To do:
Keep the wording of every entry exactly as it is while leaving the pictures out of your copy.

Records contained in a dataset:
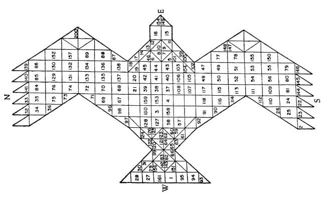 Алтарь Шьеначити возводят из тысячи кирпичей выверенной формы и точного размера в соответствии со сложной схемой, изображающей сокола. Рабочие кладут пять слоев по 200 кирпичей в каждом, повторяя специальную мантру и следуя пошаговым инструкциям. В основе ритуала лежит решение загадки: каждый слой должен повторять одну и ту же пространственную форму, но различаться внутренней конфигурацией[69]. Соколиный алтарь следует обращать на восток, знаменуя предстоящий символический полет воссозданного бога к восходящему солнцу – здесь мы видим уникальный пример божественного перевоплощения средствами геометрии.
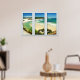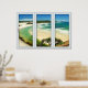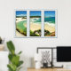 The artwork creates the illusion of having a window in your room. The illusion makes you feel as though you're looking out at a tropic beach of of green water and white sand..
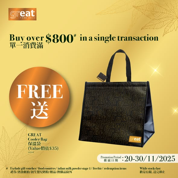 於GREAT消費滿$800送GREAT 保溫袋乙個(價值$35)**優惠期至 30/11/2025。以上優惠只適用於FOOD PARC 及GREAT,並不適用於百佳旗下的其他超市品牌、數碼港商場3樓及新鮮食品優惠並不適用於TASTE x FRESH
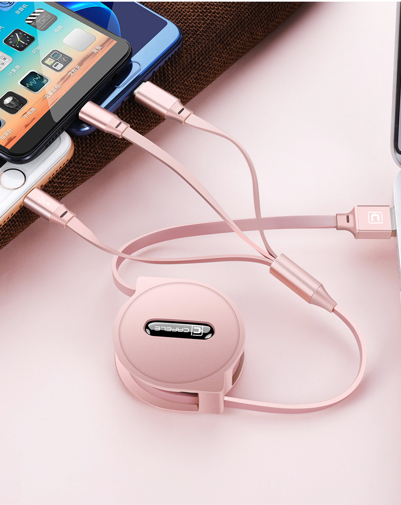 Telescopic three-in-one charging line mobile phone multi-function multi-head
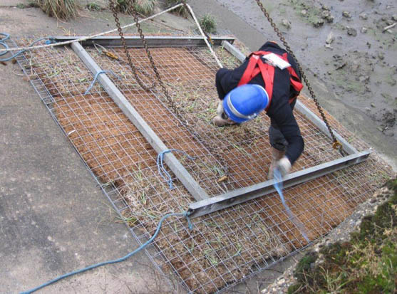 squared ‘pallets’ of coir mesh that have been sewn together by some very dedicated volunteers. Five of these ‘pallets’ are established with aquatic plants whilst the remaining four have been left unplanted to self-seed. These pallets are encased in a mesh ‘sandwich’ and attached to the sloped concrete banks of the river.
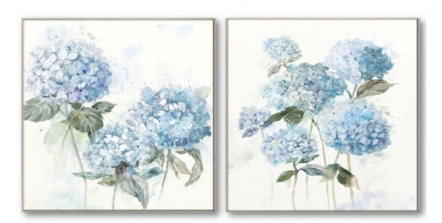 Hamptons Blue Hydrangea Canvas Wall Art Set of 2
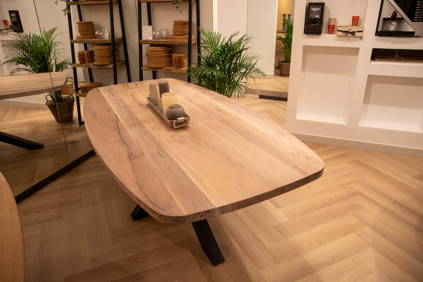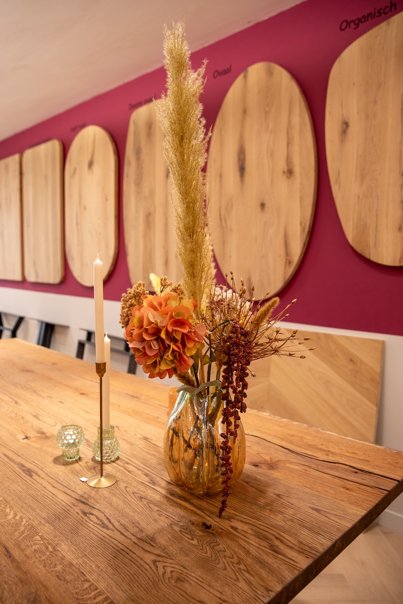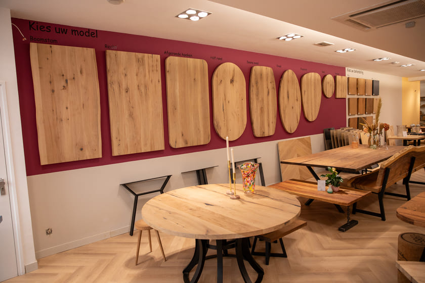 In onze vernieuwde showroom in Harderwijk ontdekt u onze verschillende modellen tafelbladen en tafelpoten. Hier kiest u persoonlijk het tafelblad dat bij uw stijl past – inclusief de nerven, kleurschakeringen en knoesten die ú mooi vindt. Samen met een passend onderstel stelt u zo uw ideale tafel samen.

Answer box:
 Алтарь Шьеначити возводят из тысячи кирпичей выверенной формы и точного размера в соответствии со сложной схемой, изображающей сокола. Рабочие кладут пять слоев по 200 кирпичей в каждом, повторяя специальную мантру и следуя пошаговым инструкциям. В основе ритуала лежит решение загадки: каждый слой должен повторять одну и ту же пространственную форму, но различаться внутренней конфигурацией[69]. Соколиный алтарь следует обращать на восток, знаменуя предстоящий символический полет воссозданного бога к восходящему солнцу – здесь мы видим уникальный пример божественного перевоплощения средствами геометрии.
 The artwork creates the illusion of having a window in your room. The illusion makes you feel as though you're looking out at a tropic beach of of green water and white sand..
 於GREAT消費滿$800送GREAT 保溫袋乙個(價值$35)**優惠期至 30/11/2025。以上優惠只適用於FOOD PARC 及GREAT,並不適用於百佳旗下的其他超市品牌、數碼港商場3樓及新鮮食品優惠並不適用於TASTE x FRESH
 Telescopic three-in-one charging line mobile phone multi-function multi-head
 squared ‘pallets’ of coir mesh that have been sewn together by some very dedicated volunteers. Five of these ‘pallets’ are established with aquatic plants whilst the remaining four have been left unplanted to self-seed. These pallets are encased in a mesh ‘sandwich’ and attached to the sloped concrete banks of the river.
 Hamptons Blue Hydrangea Canvas Wall Art Set of 2
 In onze vernieuwde showroom in Harderwijk ontdekt u onze verschillende modellen tafelbladen en tafelpoten. Hier kiest u persoonlijk het tafelblad dat bij uw stijl past – inclusief de nerven, kleurschakeringen en knoesten die ú mooi vindt. Samen met een passend onderstel stelt u zo uw ideale tafel samen.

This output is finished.